Octavio, a bootstrapped founder with a full-time day job who builds GetLimpio and AddressHub on nights and weekends, just dropped some real talk about AI coding economics that the enterprise crowd needs to hear. His Substack piece cuts through the noise: for large companies, AI coding is becoming an uncontrollable software bill. For solo founders? It's missing capacity that never existed in the first place.
The Enterprise Cost Problem
Let's be honest about what's happening inside big tech right now. Thousands of employees burning premium models on long-running agents. Token usage nobody actually tracks because it's distributed across dozens of teams with zero accountability. Finance departments scrambling to understand why the AI line item keeps growing and whether any of it translates to shipping velocity. This is the real problem enterprise leaders are wrestling with—marginal productivity gains at massive scale, wrapped in a cost structure that defies traditional ROI frameworks.
The Founder Reality Check
Now flip the script entirely. You're running GetLimpio or AddressHub while holding down a 9-to-5. Your development window is before work, after work, late nights, and precious weekend hours. AI coding isn't making your engineering org slightly more productive—you don't have an engineering org. It's creating capacity you physically do not possess as a single human being. A feature that would normally consume several nights of focused work can get planned, implemented, tested, and refined in a fraction of that time when you're working with AI as a force multiplier.
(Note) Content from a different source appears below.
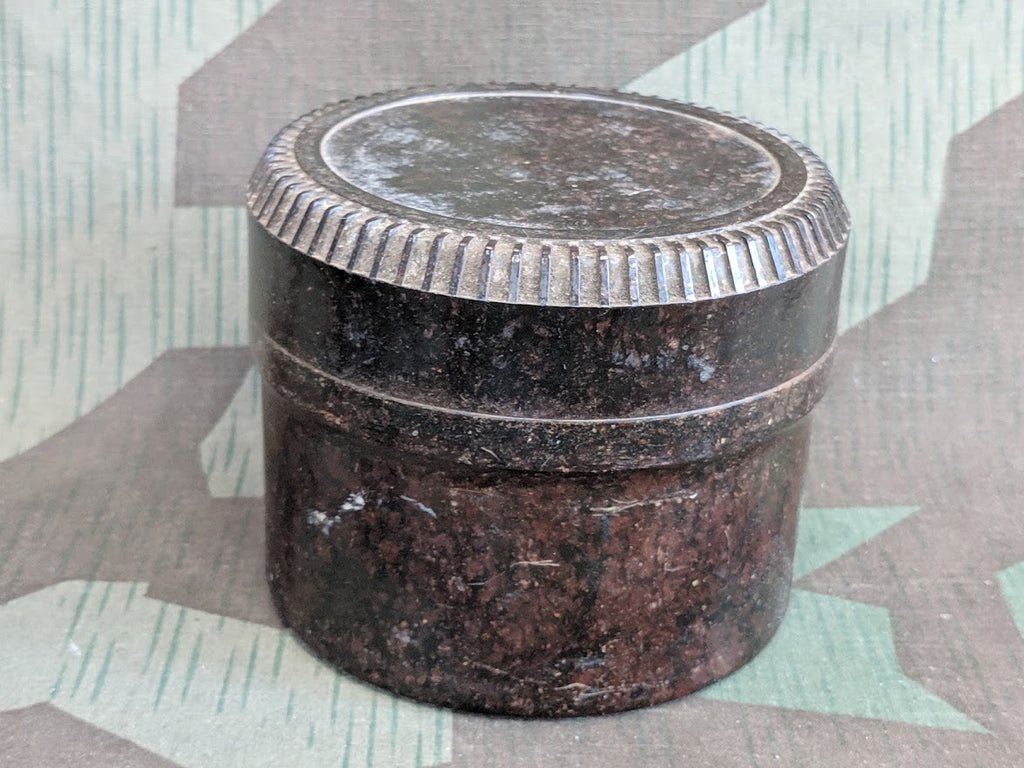 Nice Bakelite container dated 1945. This is known to be both a charge container and also a thermos housing. I do not know which came first, the thermos or its military use as an additional charge container. It is in good condition but needs cleaned. Nice, sturdy container to keep stuff in. It is about 4' tall and 4.5' in diameter.

Model Discipline Is Everything
Here's where Octavio's take gets spicy: "Not every task needs the most expensive frontier model." He still reaches for stronger models when problems demand deeper reasoning, but for routine implementation work? Open coding models through tools like OpenCode Go are already good enough. And sometimes good enough at dramatically lower cost is exactly what makes the ROI calculation actually work for someone operating on bootstrap economics rather than venture-backed runway.
Key Takeaways
- For large companies, AI tooling is a cost optimization problem with unclear returns
- For bootstrapped founders, it's pure capacity creation—building what wouldn't exist otherwise
- Model discipline separates sustainable AI usage from runaway token bills
- The same technology produces entirely different economics depending on your context
The Bottom Line
The enterprise crowd is panicking about token costs while solo builders are quietly shipping products they never could have built alone. When you lack the capital for an engineering team, AI coding isn't a nice-to-have—it's the only way some of us ship at all. Same technology. Completely different math.